The terms used for these URLs slightly differ across all providers.

In this case, the following would apply:

OAuth Authorization URL = Authorize URL = https://minnit.auth0.com/authorize

OAuth Token URL = Access Token URL = https://minnit.auth0.com/oauth/token

OAuth User Info URL = Get User Info URL = https://minnit.auth0.com/userinfo

For Scope, enter “openid,profile,email”.

Your organization’s SSO settings should now look similar to this:

SSO OAuth2 organization settings

Now, click on the save button (bottom right hand corner) to save your organization settings.

You’re almost there — you just need to test your integration and add in a few values to decide what data to pull from Auth0.

Click on the Test Integration button.

Now, you’ll need to sign in with an account already registered in your Auth0 application, or sign up for a new one.

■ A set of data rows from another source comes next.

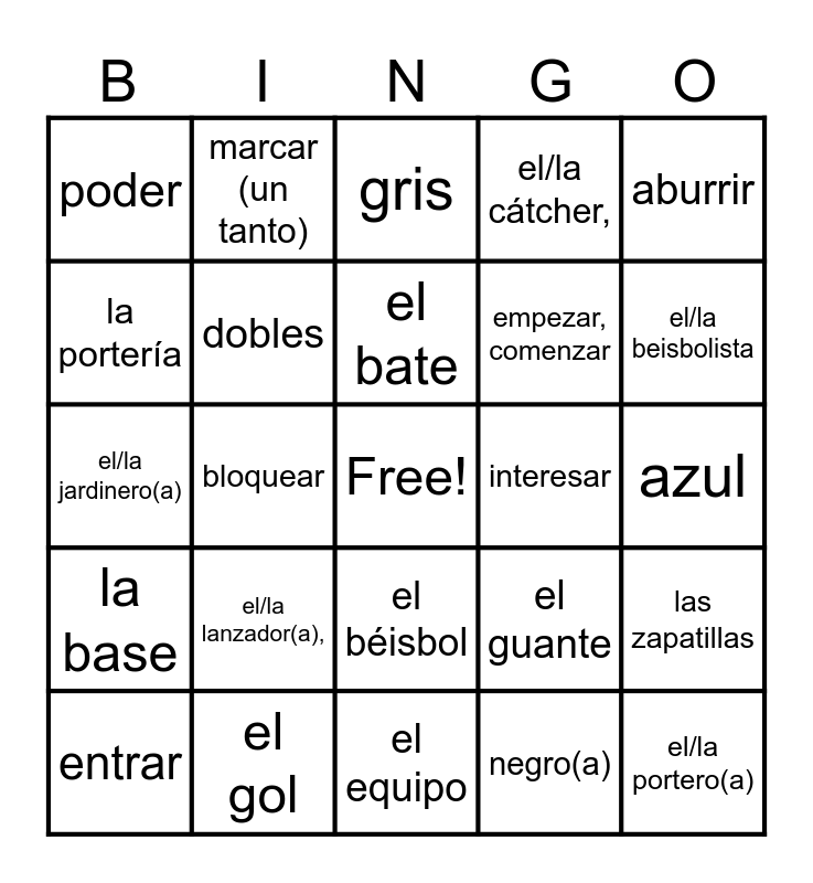 This bingo card has a free space and 93 words: los deportes, el fútbol, el béisbol, el básquetbol,, el baloncesto, el tenis, el partido, el juego, el equipo, el/la jugador(a), el/la aficionado(a), el/la espectador(a), el tanto, jugar (a), empezar, comenzar, volver, poder, marcar (un tanto), querer, perder, ganar, aplaudir, el campo de fútbol, el tiempo, el balón, el/la portero(a), la portería, el gol, lanzar, tocar, guardar, entrar, bloquear, meter (un gol), el campo de béisbol, el/la beisbolista, el/la bateador(a), el/la lanzador(a),, el/la pícher, el/la cátcher,, el/la receptor(a), el/la jardinero(a), el bate, el guante, el plato, la base, el jonrón, batear, correr, atrapar, la cancha, el cesto, la canasta, tirar, driblar (con), encestar, (basketball), la raqueta, la pelota, tennis), la red, individuales, dobles, golpear, pasar, devolver, por encima de, la camiseta, el pantalón corto, los calcetines largos, las zapatillas, ¿De qué color es?, el color, amarillo(a), anaranjado(a), azul, blanco(a), de color marrón, gris, negro(a), rojo(a), rosado(a), verde, gustar, interesar, aburrir, pensar, dormir, preferir, propio(a), ¡Qué pena!, Lo siento (mucho)., ¿Qué piensas de… ?, about . . . ? and ¡Bárbaro!.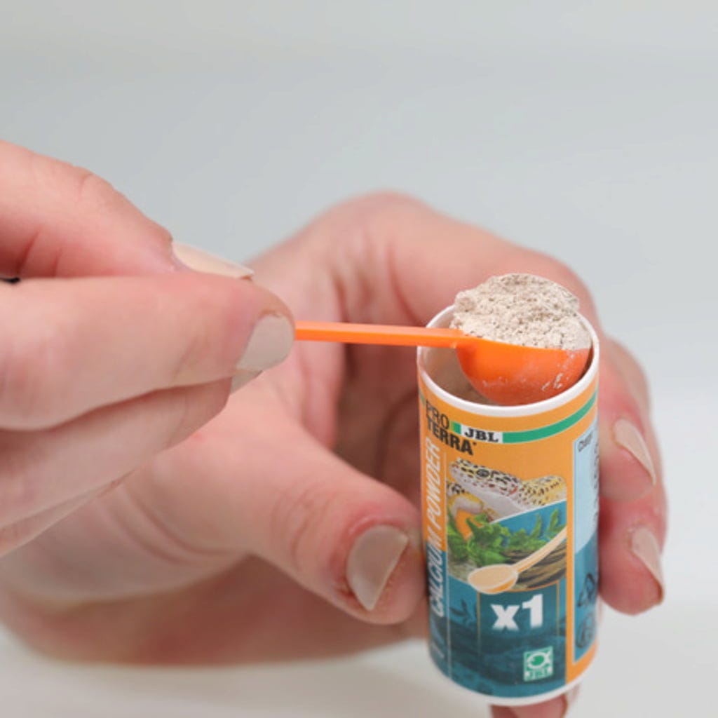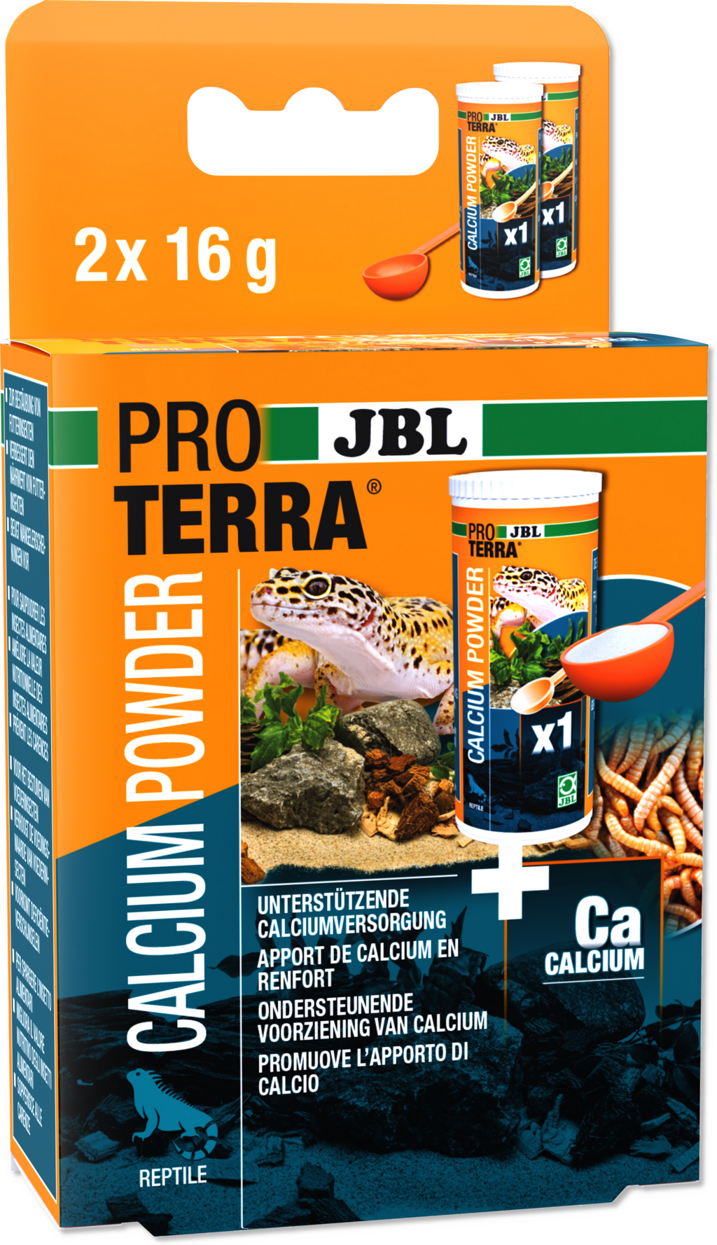 Kako biste stanovnicima terarija osigurali pravilan udio kalcija, JBL je razvio Proterra kalcij u prahu . Mineralni dodatak hrani prerađen je u fini prah i idealan je za posipanje glavne hrane. Idealan je i za oprašivanje insekata koji služe za živu hranu.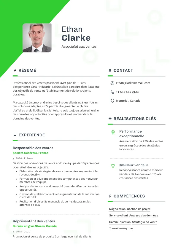 Obtenez un CV Associé(e) aux ventes professionnel, adapté à vos compétences et au marché de l’emploi du Québec.
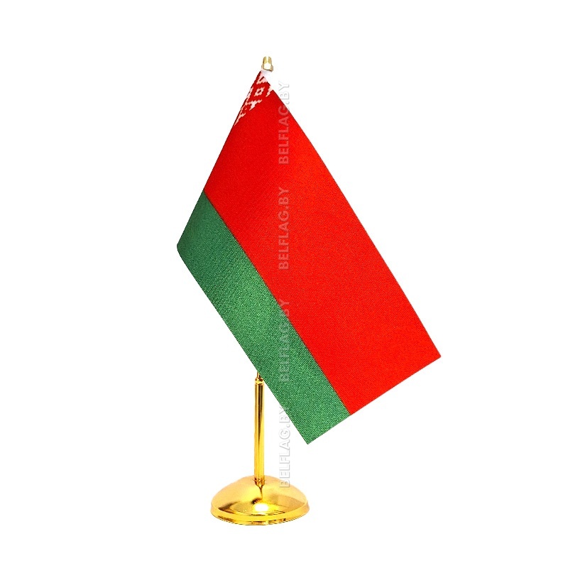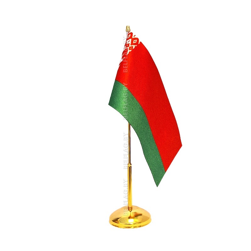 Атласный настольный флажок Республики Беларусь 12x24 см — стильный аксессуар для офиса, рабочего стола или официальных мероприятий. Флажок выполнен из атласного полотна с термообработанными краями, оснащен карманом для древка и установлен на прочную металлическую подставку, доступную в золотом или серебряном цвете. Цена указана с НДС, минимальный заказ — один флаг.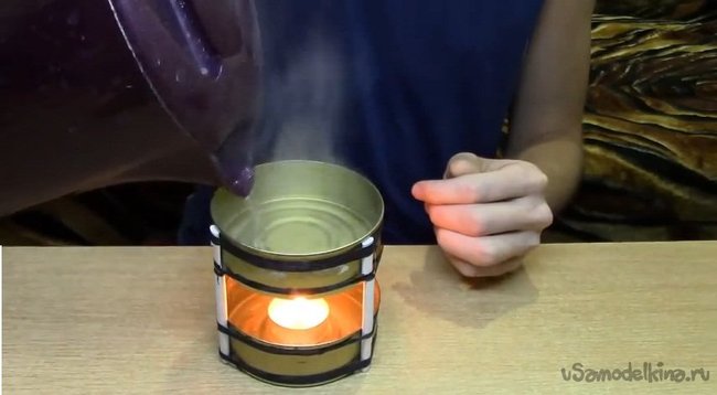 Верхнюю банку наполните до половины водой. Чтобы не ждать, пока вода нагреется от пламени свечи, можно использовать кипяток.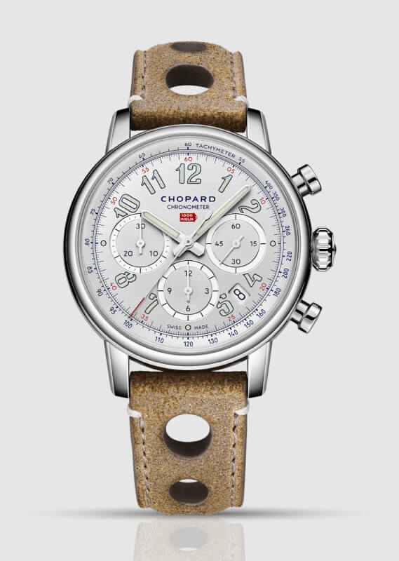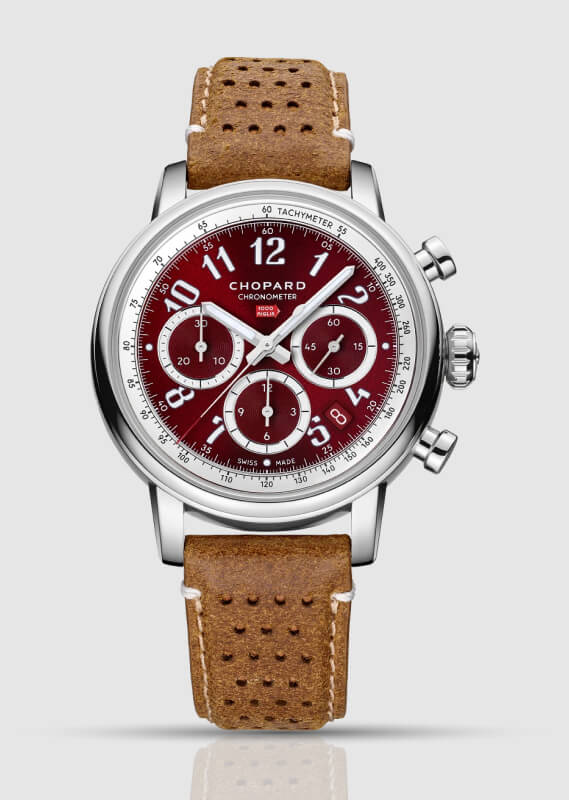 Obwohl Lesbarkeit und Genauigkeit im Vordergrund stehen, bietet Chopard dennoch verschiedene attraktive Farbkombinationen an, die von Autos aus der Vergangenheit inspiriert sind. Diese reichen von einem satten „Rosso Amarena”-Rot bis hin zu einem verspieltem „Verde Chiaro”-Grün – fachmännisch lackiert und satiniert, um ein makelloses, dauerhaft dynamisches Finish zu erzielen, das die langjährige Rennsporttradition widerspiegelt.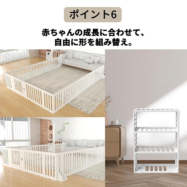 【多機能性】ベビーサークルは形を自由に変えられるため、ベビーサークルとしてだけでなく収納棚としても活用できます。工具が不要で、簡単に組み立てや取り外しが可能です。また、このベビーサークルは組み立てと接続式のため、使用しないときは取り外して、コンパクトに収納できます。お子様が成長してベビーサークルが不要になった際には、収納棚として専用の収納スペースとしても利用できます。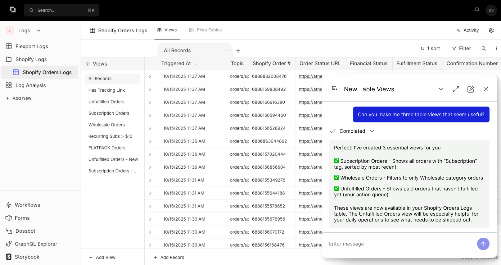 We started with a Shopify order logs table containing 200,000+ transaction records, asking dossbot to suggest a few useful table views.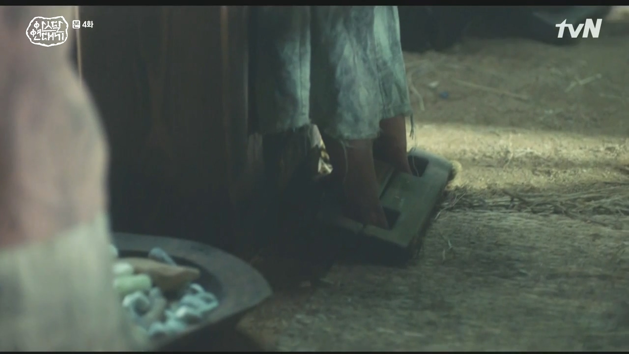 아이들의 발이 묶여 공장안에 갇혀 하루 종일 '공돌'을 생산하는 장면과 엄청나게 높은 절벽을 올라가기 위해 나무로 된 도르래식 엘리베이터를 노동자들이 만드는 장면이 나옵니다. 드라마에서 노동으로 희생당하는 사람들을 닭장에 갇혀 계속해서 알을 낳는 것과 비유하였습니다. 이처럼 기술이 발전한다는 것은 누군가의 노동이 강요되고 있고 그 희생으로 멋진 건물들과 최첨단 기술들이 발전하게 됩니다. 이 과정에서 빈곤층은 더욱더 가난하게 됩니다.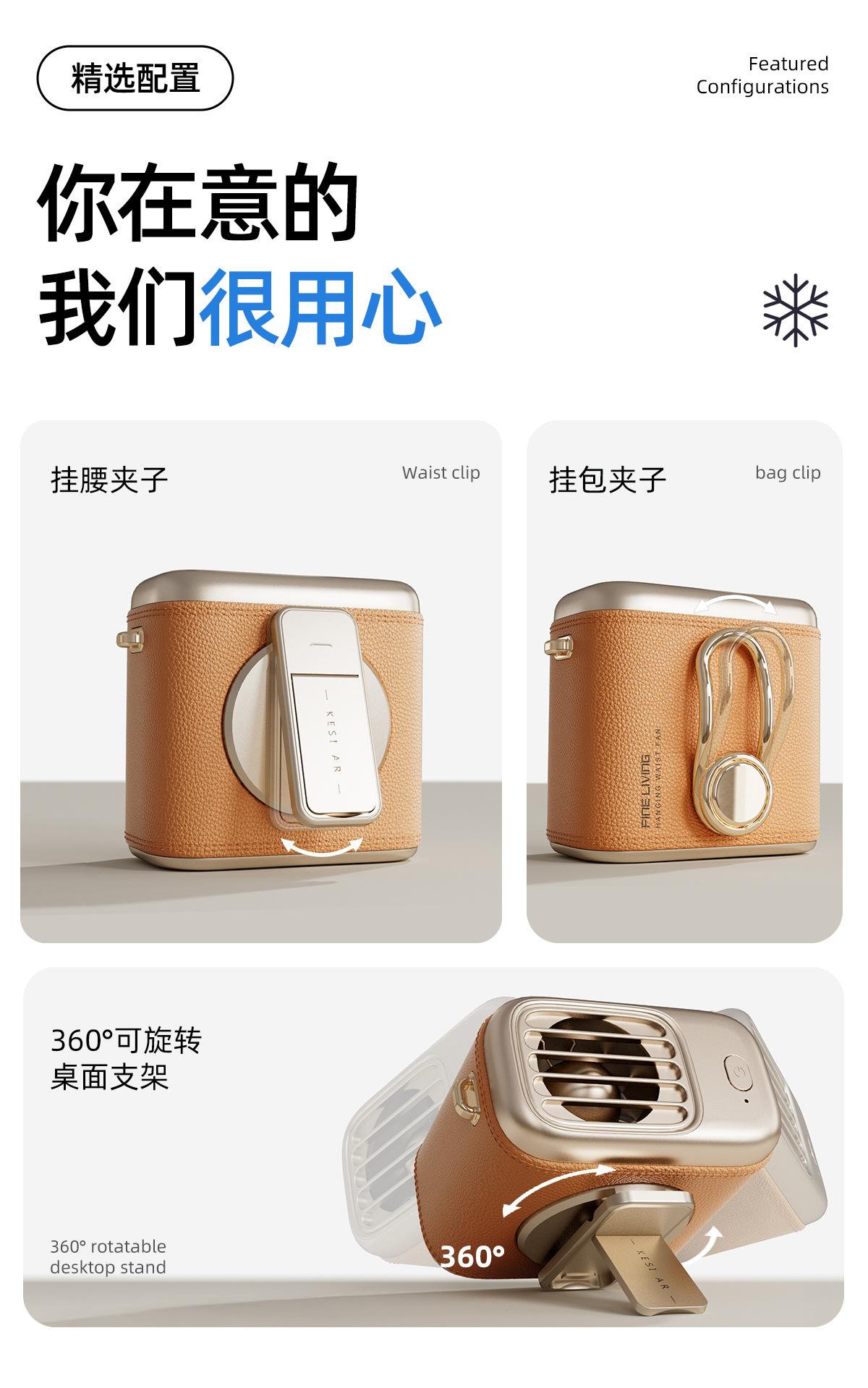 Ventilador portátil para colgar en la cintura, con clip de carga, pequeño ventilador para compras al aire libre, artefacto de enfriamiento para viajes, venta al por mayor transfronteriza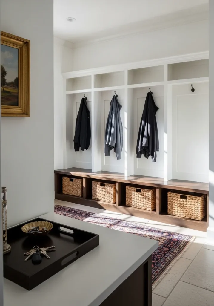 It is such a relief to see a mudroom that feels this serene and “put-together” rather than cluttered. Choosing a creamy, forgiving white for an entryway is a brilliant move because it keeps the space feeling airy while adding enough warmth to keep it from looking clinical. If you are looking to streamline your morning routine, a bright and cheerful landing zone like this is the perfect way to bring a sense of calm to the daily hustle. The way the light catches the white cabinetry makes the whole area feel fresh and ready for whatever the day brings.
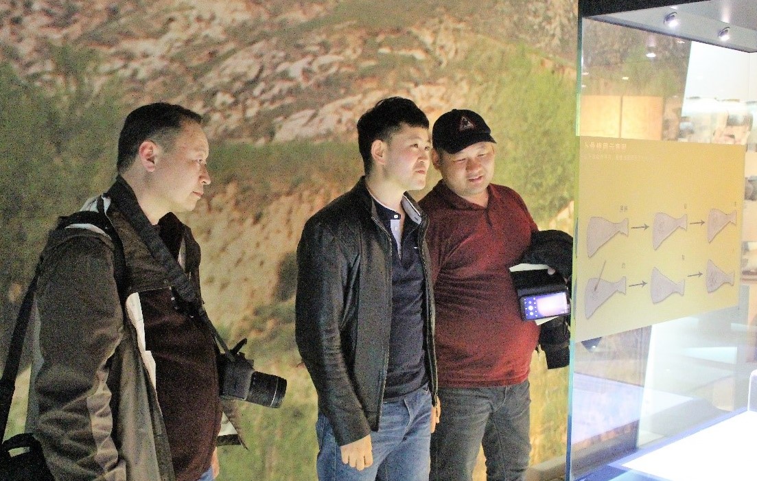 中午在察右中旗午餐,下午返回集宁,在郝晓菲老师的陪同下参观乌兰察布市博物馆。该博物馆以“多元、融合、升华、辐射”为主题,分为“文明星火”(史前时期)、“民族熔炉”(夏至唐)、“帝国腹里”(辽金元)、“塞外手足”(明清)4个部分,共13个单元。因蒙方学者之前来过该博物馆,所以此次参观的重点放在了“民族熔炉”部分。通过对博物馆所陈列的鲜卑陶器、鹿纹金牌饰、金步摇等文物的观察,奥德巴特尔研究员对丰富灿烂的鲜卑文化表达了由衷的赞叹。苏和巴特尔教授认为此次考察所搜集的图文资料将为他们进一步了解和研究鲜卑文化提供帮助。
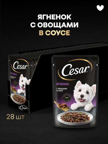 Влажный корм для собак Cesar с ягненком и овощами в соусе, 28 шт x 85 г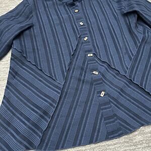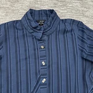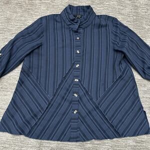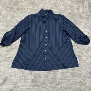 Ali Miles Shirt Womens XL Blue Striped Button Up Textured Long Sleeve Blouse Top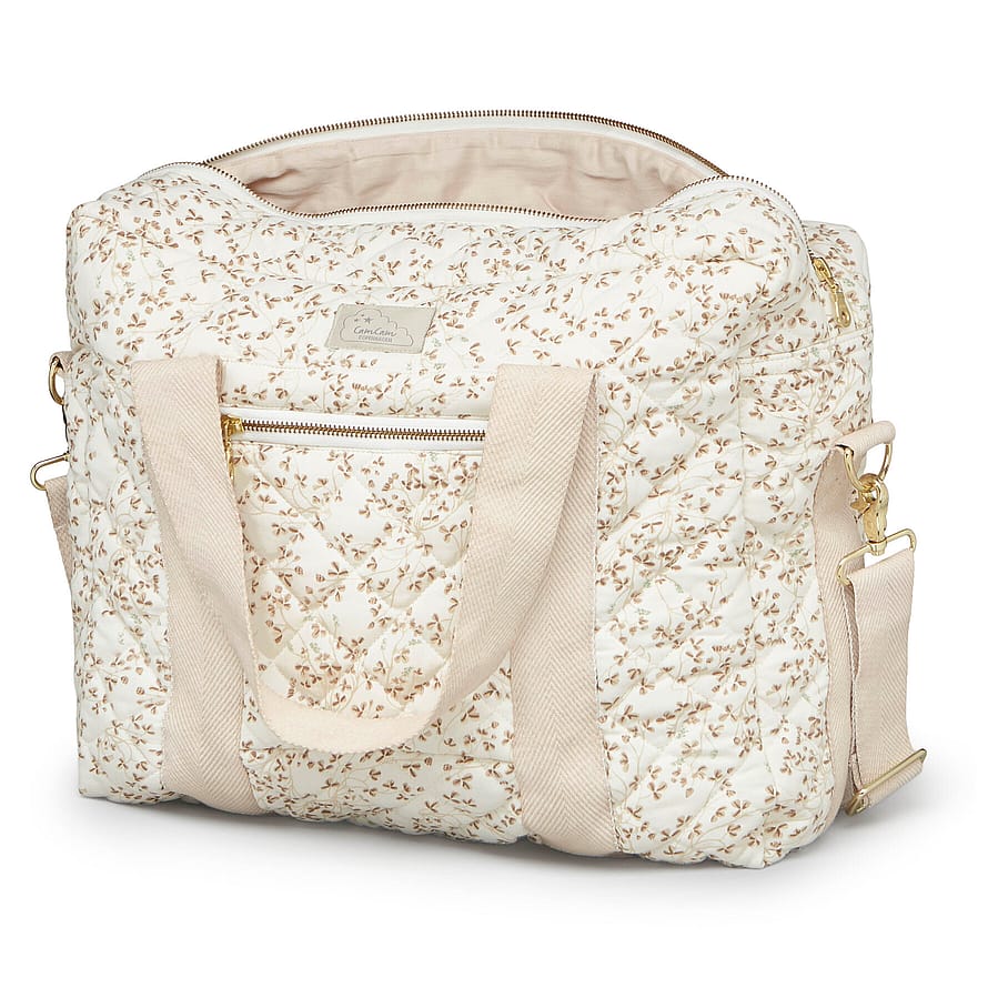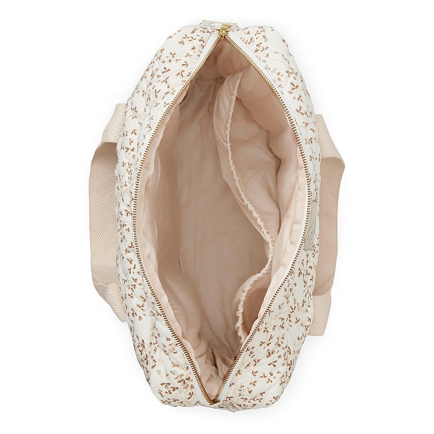 Der medfølger to små stropper, så du kan fastgøre Pusletasken til styret på barnevognen eller klapvognen. Pusletaske i hvide og brune nuancer.

For the purposes of this Demo we’ll be using a Google account.

Once you sign in, you’ll be redirected and taken to a page showing the information returned by your identity provider (Auth0 in this case).

It should look like this:

SSO integration test result

Now you have access to every key that your identity provider returns, and you’ll need to add them to your organization’s SSO settings.

In this case, the keys that would apply are:

Unique User Key = sub

Username Key = given_name

Nickname Key = name

Email Key = email

Email Verified Key = email_verified

Profile Picture Key = picture

With that, your organization’s SSO settings should look like this:

SSO OAuth2 organization settings

With the above values being set, any user who signs in using Auth0 will have their username, nickname, email and profile picture automatically populated.

Once you’ve added these to your organization settings, you just need to tick the Active? checkbox to enable this provider, and save your organization’s SSO settings again.

That’s it! You’ve fully set up Single Sign On using Auth0.

On your organization registration and login page, users will see the option to sign in using Auth0.

If you need additional details, our documentation covers all there is to know about Single Sign On and will help you get it up and running in no time.